Records supplied ->
+++

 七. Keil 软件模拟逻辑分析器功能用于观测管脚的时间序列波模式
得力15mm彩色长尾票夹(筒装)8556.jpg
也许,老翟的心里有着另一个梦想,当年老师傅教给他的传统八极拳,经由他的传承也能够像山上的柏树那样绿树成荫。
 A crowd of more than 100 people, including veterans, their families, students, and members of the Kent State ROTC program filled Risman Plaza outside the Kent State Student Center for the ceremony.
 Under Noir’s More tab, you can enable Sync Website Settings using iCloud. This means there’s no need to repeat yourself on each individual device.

+++

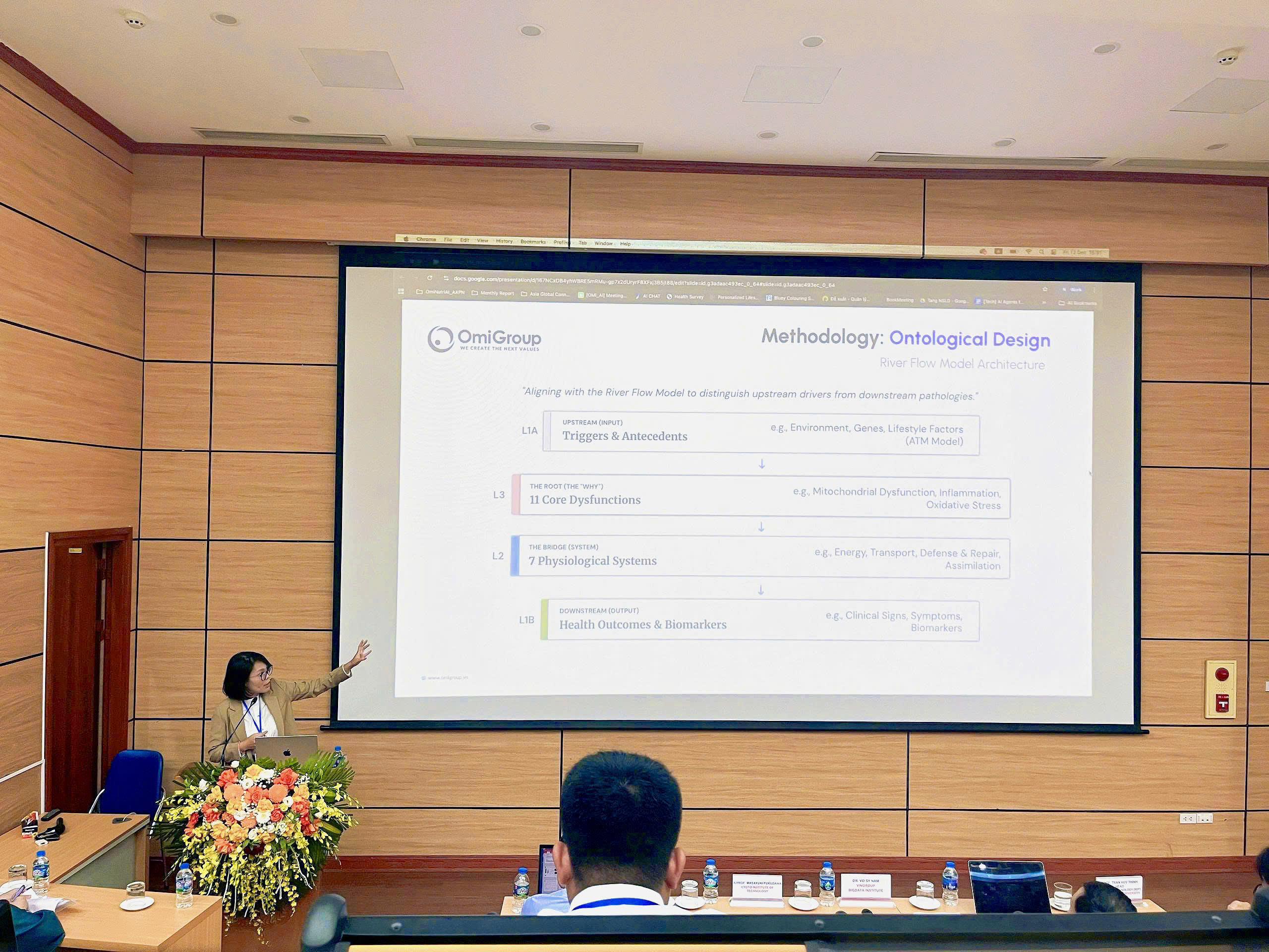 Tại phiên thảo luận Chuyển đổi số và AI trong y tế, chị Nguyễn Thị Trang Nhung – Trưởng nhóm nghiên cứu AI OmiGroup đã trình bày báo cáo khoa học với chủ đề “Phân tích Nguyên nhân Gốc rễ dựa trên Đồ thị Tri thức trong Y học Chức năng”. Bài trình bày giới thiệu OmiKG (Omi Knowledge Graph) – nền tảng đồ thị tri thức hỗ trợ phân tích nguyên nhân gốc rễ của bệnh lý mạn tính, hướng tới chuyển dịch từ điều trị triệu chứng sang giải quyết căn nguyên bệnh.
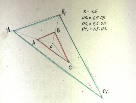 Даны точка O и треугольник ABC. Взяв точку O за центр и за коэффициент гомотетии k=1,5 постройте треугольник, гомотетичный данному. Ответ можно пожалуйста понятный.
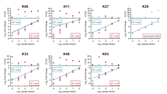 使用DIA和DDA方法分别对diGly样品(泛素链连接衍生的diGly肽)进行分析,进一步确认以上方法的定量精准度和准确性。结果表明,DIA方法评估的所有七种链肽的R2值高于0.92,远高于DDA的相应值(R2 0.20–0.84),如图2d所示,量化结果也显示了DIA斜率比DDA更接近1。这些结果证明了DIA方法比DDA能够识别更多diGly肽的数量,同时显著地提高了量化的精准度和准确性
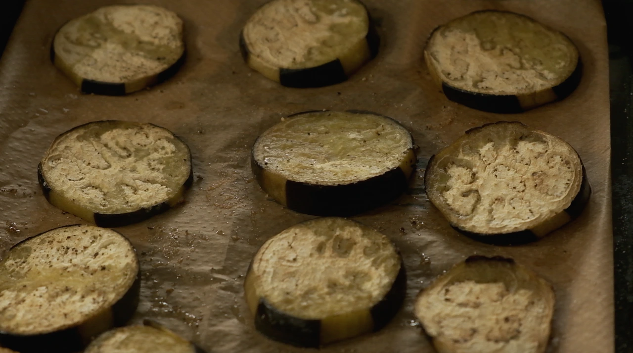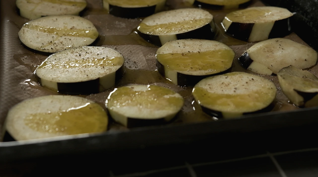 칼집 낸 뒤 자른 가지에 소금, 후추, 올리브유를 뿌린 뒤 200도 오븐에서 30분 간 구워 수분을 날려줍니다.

+++

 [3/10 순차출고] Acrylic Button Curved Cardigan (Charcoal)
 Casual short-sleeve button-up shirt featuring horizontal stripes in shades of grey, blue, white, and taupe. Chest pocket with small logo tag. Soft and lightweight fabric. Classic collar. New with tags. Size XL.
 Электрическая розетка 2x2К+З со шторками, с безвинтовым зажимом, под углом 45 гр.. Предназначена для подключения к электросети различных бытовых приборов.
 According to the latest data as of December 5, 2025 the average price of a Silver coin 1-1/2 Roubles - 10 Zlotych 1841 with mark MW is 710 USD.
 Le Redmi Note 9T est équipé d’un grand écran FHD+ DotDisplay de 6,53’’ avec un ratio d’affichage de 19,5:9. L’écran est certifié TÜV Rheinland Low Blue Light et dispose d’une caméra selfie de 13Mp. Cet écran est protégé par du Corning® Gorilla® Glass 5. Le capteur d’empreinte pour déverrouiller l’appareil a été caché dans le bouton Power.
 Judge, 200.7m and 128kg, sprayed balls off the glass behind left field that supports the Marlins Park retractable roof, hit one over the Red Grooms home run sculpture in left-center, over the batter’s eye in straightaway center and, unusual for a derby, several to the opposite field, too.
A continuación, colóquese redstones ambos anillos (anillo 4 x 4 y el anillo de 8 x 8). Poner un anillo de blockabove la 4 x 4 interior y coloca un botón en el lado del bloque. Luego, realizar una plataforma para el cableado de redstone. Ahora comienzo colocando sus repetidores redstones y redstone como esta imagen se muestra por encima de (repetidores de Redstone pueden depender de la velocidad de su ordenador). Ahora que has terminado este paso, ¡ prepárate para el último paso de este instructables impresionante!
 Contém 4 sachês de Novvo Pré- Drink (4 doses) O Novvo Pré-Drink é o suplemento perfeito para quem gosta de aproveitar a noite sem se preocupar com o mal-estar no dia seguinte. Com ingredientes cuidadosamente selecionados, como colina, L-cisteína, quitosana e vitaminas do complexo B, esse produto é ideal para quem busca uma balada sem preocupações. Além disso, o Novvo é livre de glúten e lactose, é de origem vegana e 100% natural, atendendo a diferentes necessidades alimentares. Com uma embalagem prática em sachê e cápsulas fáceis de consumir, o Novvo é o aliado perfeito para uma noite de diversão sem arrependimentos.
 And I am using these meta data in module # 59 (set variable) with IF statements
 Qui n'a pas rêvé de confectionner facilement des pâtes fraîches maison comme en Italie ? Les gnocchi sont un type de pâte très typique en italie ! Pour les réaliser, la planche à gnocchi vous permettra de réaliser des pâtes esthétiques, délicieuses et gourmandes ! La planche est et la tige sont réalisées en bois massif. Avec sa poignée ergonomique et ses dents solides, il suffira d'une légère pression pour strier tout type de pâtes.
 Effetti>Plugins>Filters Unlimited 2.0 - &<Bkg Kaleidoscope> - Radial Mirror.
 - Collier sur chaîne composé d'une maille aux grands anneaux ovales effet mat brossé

+++

Problem to solve ->
Retype only the lines above between the line with "七. Keil 软件模拟逻辑分析器功能用于观测管脚的时间序列波模式" and the line with "Under Noir’s More", counting those two lines as well, and keep every character as it is.

Completed task ->
 七. Keil 软件模拟逻辑分析器功能用于观测管脚的时间序列波模式
得力15mm彩色长尾票夹(筒装)8556.jpg
也许,老翟的心里有着另一个梦想,当年老师傅教给他的传统八极拳,经由他的传承也能够像山上的柏树那样绿树成荫。
 A crowd of more than 100 people, including veterans, their families, students, and members of the Kent State ROTC program filled Risman Plaza outside the Kent State Student Center for the ceremony.
 Under Noir’s More tab, you can enable Sync Website Settings using iCloud. This means there’s no need to repeat yourself on each individual device.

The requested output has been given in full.